MSMiroslaw – THE AAAge Of Warm Asylum (Trasponsonic, 2020)

La porta di un’antichissima domus de janas abbraccia il nostro pianeta sulla copertina del nuovo lavoro di MSMiroslaw: forse è questo il rifugio caldo a cui allude il titolo, per quanto, probabilmente, il momento in cui possa prendere forma non è ancora quello che stiamo vivendo.

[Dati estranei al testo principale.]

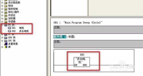 在OB1主程序中調(diào)用FB塊-->FB2到程序段中,添加關(guān)聯(lián)的DB2背景數(shù)據(jù)塊。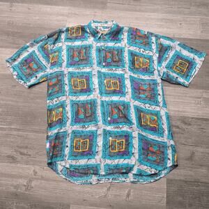 Retro Protest Abstract Design 100% Silk Multi Color Button Up Short Sleeve Shirt. Excellent preowned condition.

Il simbolismo evocato è tuttavia forte e, nonostante il periodo poco propizio, l’arte deve indicare la via;  THE AAAge of Warm Asylum lo fa cercando un contatto fra culture lontane tramite lo spazio, il suono e il tempo ciclico. Affrancandosi quasi completamente dalle sonorità post-industriali che caratterizzava le precedenti uscite per approdare a lidi dove l’ambient sposa il field recording etnografico e i ritmi dub – ma senza perdere l’afflato sacrale proprio delle produzioni Trasponsonic – il lavoro si snoda lungo quattro tracce meditative che seguono il succedersi delle stagioni, toccando ogni volta una diversa area del pianeta. In The Winter (Maria Sabina And The Tuvinians) i synth disegnano suoni circolari mentre i battiti, lenti e corposi, scandiscono il cammino che ci porta dagli altopiani del Messico a quelli siberiani; in primavera siamo a Bali, dove melodie sintetiche, corde  e fiati crescono per accumulo di voci e rumori frenetici che scuotono il corpo e l’anima; trascorriamo l’estate nel sud-est asaitico, fra pesanti scansioni ritmiche e voci captate nei villaggi e infine, in autunno, ci ritroviamo tutti a chiudere il cerchio, in una cerimonia confusa, ipnotica e liberatoria che va sotto il nome di  The Fall (Human Tribes United). Forte di un’identità salda e definita, MSMiroslaw intraprende un giro del mondo alla ricerca di entità e culture che sente vicine – non su basi intellettuali o ideologiche, ma perché animate da un comune sentire – con le quali l’incontro diventa scambio proficuo e non fusione indistinta e al ribasso. È questo un lavoro intenso ed emozionante che, idealmente, può costituire la prima pietra per la costruzione di quel riparo accogliente di cui parlavamo all’inizio.